The great thing about Asia is the availibility of domestic labour - maids, cooks, gardeners, sweepers, drivers, etc. The not so grat thing about China is that none have any language skills. The cook is vital to my existence since the past several years. Being practically vegetarian, the food at the office is a mish mash of some horrible meat, fermented, with eyes and all and par boiled vegetables. But it is not ujust this and I kind of reserve the argument for my Western friends who find the idea of a maid shocking, to say the least. If you have a maid, you eat fresh food, not out of a ocntainer with a million watts of global warming. Everything can be cooked from a scratch. Plus, the idea of a trickle down economy means you can share your wealth and create employment. A maid is not the same as servant but more like a modern day well-protected construction worker - life is hard, but you are well compensated.
I went through multiple interview and finally located a maid who also cooks and cleans (15 RMB/Hour) plus I got another specialty maid (30 RMB/Hour) who has worked for an Indian family and knows how to cook Indian food. This combination of maids (called "Ayi") works well for us so far. Ayi 1 comes at 8 AM. She takes fast instructions from me for cooking which goes something like a process flow diagram from my area of expertise, Process Engineering:
Step A: Chao Guo(frying pan)+Yi Shao You (1 teaspoon oil)+(point to cumin)+cong qie (cut onion)+ suan(garlic)+jiang(ginger)+la jiao (chili) _ Yi dian Jiao (fry till brown)
Step B: Jia (add) ga li fen (garam masala)+ jiang huang (turmeric)+fan qie (cut tomato)+yan (salt) ---> Wu fun Shu (cook for 5 minutes)
Step C: Add X vegetable and cover and simmer!
This is all accompanied by a beautiful pantomime, as many Indian ingredients don't have Mandarin equivalents.
Yesterday, I had her grill eggplants - this was done really well.
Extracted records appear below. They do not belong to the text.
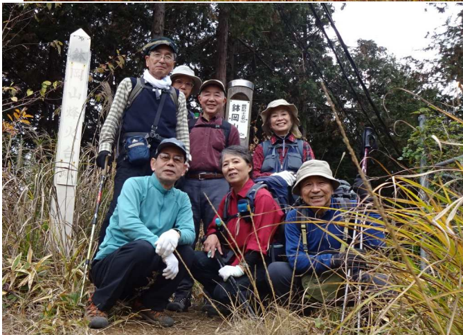
3座目の鉢岡山山頂は下草刈りがされていない アルプスの縦走路も台無し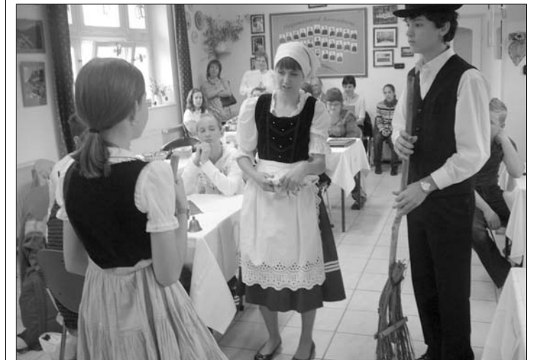
„Kiritog“, die Drittplatzierten aus Tarian, stellen ihren Namen vor

Sehr interessant war die Aufgabe, in der es um Jugendspra-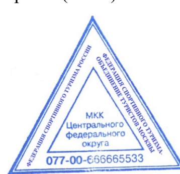
Рис. 3. ОМКК ЦФО

4. Все РМКК, относящиеся к региональным ФСТ, обозначаются так же трехзначным числом: первая из которых «1» (единица), вторая и третья цифра в штампе обозначают код субъекта РФ в соответствии с Приложением №2 Положения о МКК.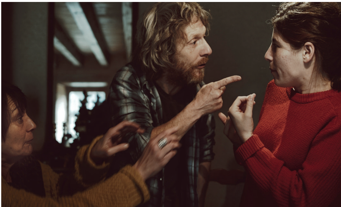
Répétition ANA

D comme Depardieu , tant le corps de Gérard Depardieu irradie dans son cinéma.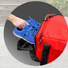
Shoe Pocket Poche à chaussures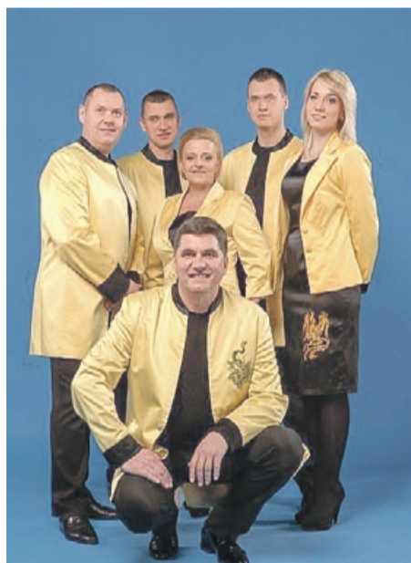
Bayer Full to weterani sceny Disco Polo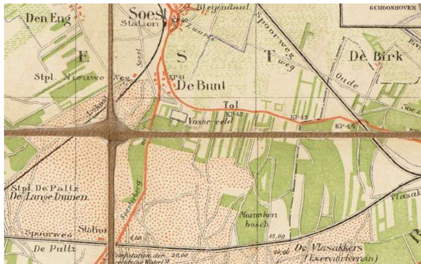
Afb. 5: Uitsnede uit de kaart van Utrecht en omstreken, uitgegeven door J. van Druuten te Utrecht omstreeks 1920.

De situering van de buurtschappen (De) Bund of (De) Bunt en (De) Birk(t) verschilt soms nogal. Gallenkamp schrijft letterlijk: “Oostelijk van dien straatweg” (van Amersfoort naar Naarden) “wordt de buurtschap in de nabijheid der buitenplaats ‘Hofslot’ genoemd ‘Birk’t’. Westelijk van die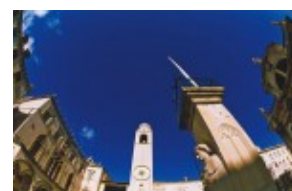
Dubrownik - wieże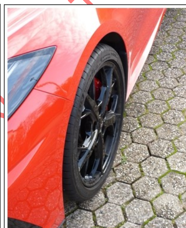
Distanzscheibe a. d. VA, 10 mm dick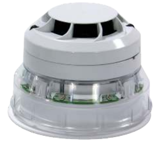
El detector se compra por separado

Nota importante: Para que el producto obtenga la clasificación IP, debe instalar la pieza selladora que se suministra con el equipo.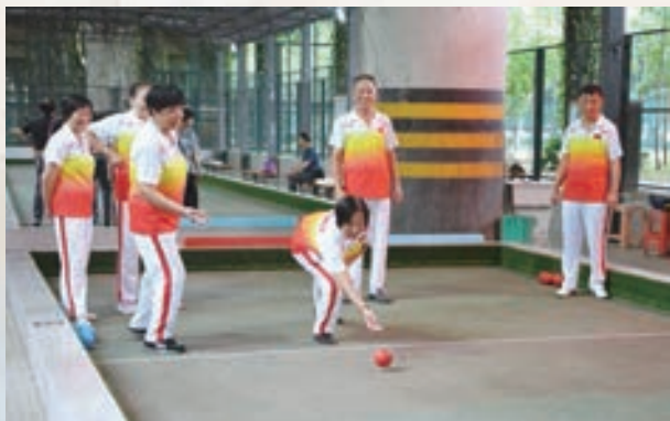
9月26日,长乐区直机关老体协举办“迎国庆”地掷球友谊赛。

Occasionally, if I am getting late for work, I ask her to "Chao Zhongguo" or Cook Chinese. This itself is confusing as there is no such things as "All things Chinese". There is Shanghainese cuisine, the Beijing food, Sichaun, and finally my favorite Hunan and Muslim Xinchuang --> very few Ayi know the latter type of cuisine as most hail from Anhui province. Shanghainese food is bland, hospital food, incredibly healthy, mostly poaching and steaming with a lot of the inevitable meat.
Some days I come home at night to doctor the food into something palatable. But, this is fine , the journey being the destination and all that. Either way, there is food on the table. That is good for now. I pack it for work together with some great tiny oranges called Clementines.